It is evident, from inspection of the equations above
recapitulated, that every transformation of the {\it vector
function},
$$\phi(\alpha) = \alpha^{-1} ( - \alpha^2 )^{- {1 \over 2}}
\eqno (9)$$
which represents, in direction and amount, the attraction exerted
by one mass-unit, situated at the beginning of the
vector~$\alpha$, on another mass-unit situated at the end of that
vector, must be important in the theory of the Moon; and
generally in the investigation, by quaternions, of the
mathematical consequences of the Newtonian Law of Attraction.
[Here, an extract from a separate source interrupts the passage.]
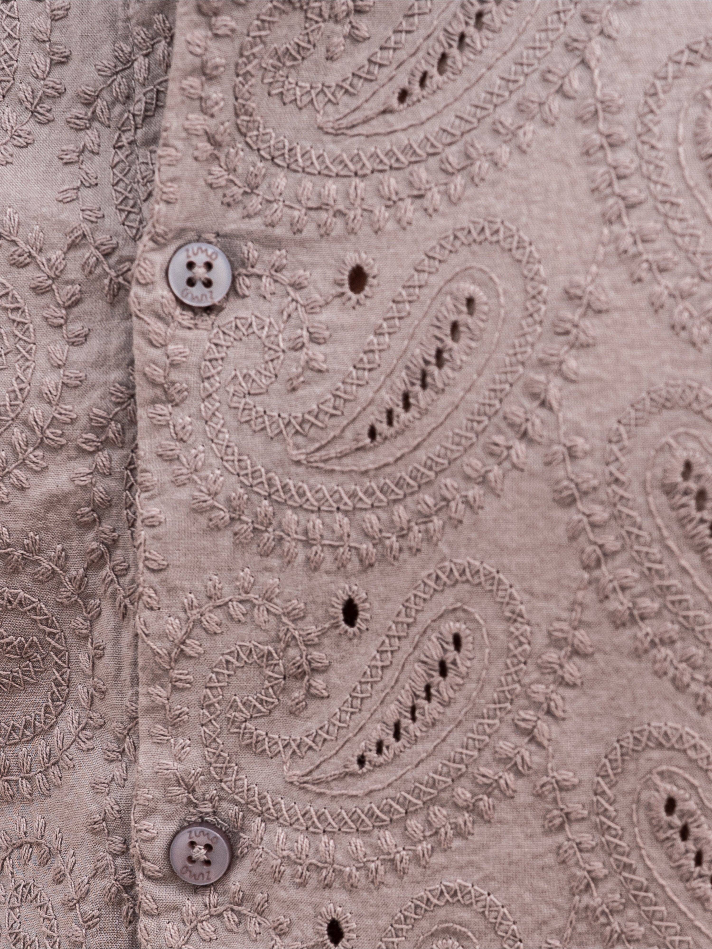 Upgrade your wardrobe with the understated luxury of the Keith-Paisley shirt in Truffle. The warm taupe shade provides the perfect canvas for the complex paisley motif, applied using the artisanal broderie anglaise technique.

The integration of the equation of motion~(2) of a binary system
was deduced, in the communication of July, 1845, from a
transformation of that vector function, which may now be written
thus:
$$\alpha^{-1} ( - \alpha^2 )^{- {1 \over 2}}
= {2 {\rm d} \mathbin{.} \alpha ( - \alpha^2 )^{-{1 \over 2}}
\over \alpha \, {\rm d} \alpha - {\rm d} \alpha \, \alpha};
\eqno (10)$$
where ${\rm d}$ is, as in former equations, the characteristic of
differentiation. And the hodographic theory of the motion of a
system of bodies, attracting each other according to the same
Newtonian law, so far as it was symbolically stated to the
Academy, at the meeting of the 14th of December, 1846, depends
essentially on the same transformation. In fact, if we make
$$d \alpha = \tau \, {\rm d} t,\quad
\alpha = \int \tau \, {\rm d} t;
\eqno (11)$$
and if, by the use of notations explained in former
communications, we employ the letters ${\sc u}$ and ${\sc v}$ as
the characteristics of the operations of taking the versor and
the vector of a quaternion, writing, therefore,
$${\sc u} (\alpha) = \alpha (- \alpha^2)^{-{1 \over 2}};\quad
{\sc v} \mathbin{.} \alpha \tau
= - {\sc v} \mathbin{.} \tau \alpha
= {\textstyle {1 \over 2}} (\alpha \tau - \tau \alpha);
\eqno (12)$$
the equation~(2) of the internal motion of a binary system
becomes
$${\rm d} \tau
= {\displaystyle
- {\sc m} \, {\rm d} {\sc u}
\left( \int \tau \, {\rm d} t \right)
\over \displaystyle
{\sc v} \left( \tau \int \tau \, {\rm d} t \right)};
\eqno (13)$$
where the denominator in the second member is constant, by the
law of the equable description of areas. Hence, this second
member, like the first, is an exact differential; and an
immediate integration, introducing an arbitrary, but constant
vector~$\epsilon$, coplanar with $\alpha$ and $\tau$, gives the
{\it law of the circular hodograph}, under the symbolical form
$$\tau
= {\displaystyle
{\sc m}
\left( \epsilon - {\sc u} \int \tau \, {\rm d} t \right)
\over \displaystyle
{\sc v} \mathbin{.} \tau \int \tau \, {\rm d} t }:
\eqno (14)$$
the constant part of this expression~(14) for the vector of the
velocity,~$\tau$, being the vector of the centre of the
hodograph, drawn from that one of the two bodies which is
regarded as the centre of force; while the variable part of the
same expression for $\tau$ represents the variable radius of the
same hodographic circle, or the vector of a point on its
circumference, drawn from its own centre of figure as the origin.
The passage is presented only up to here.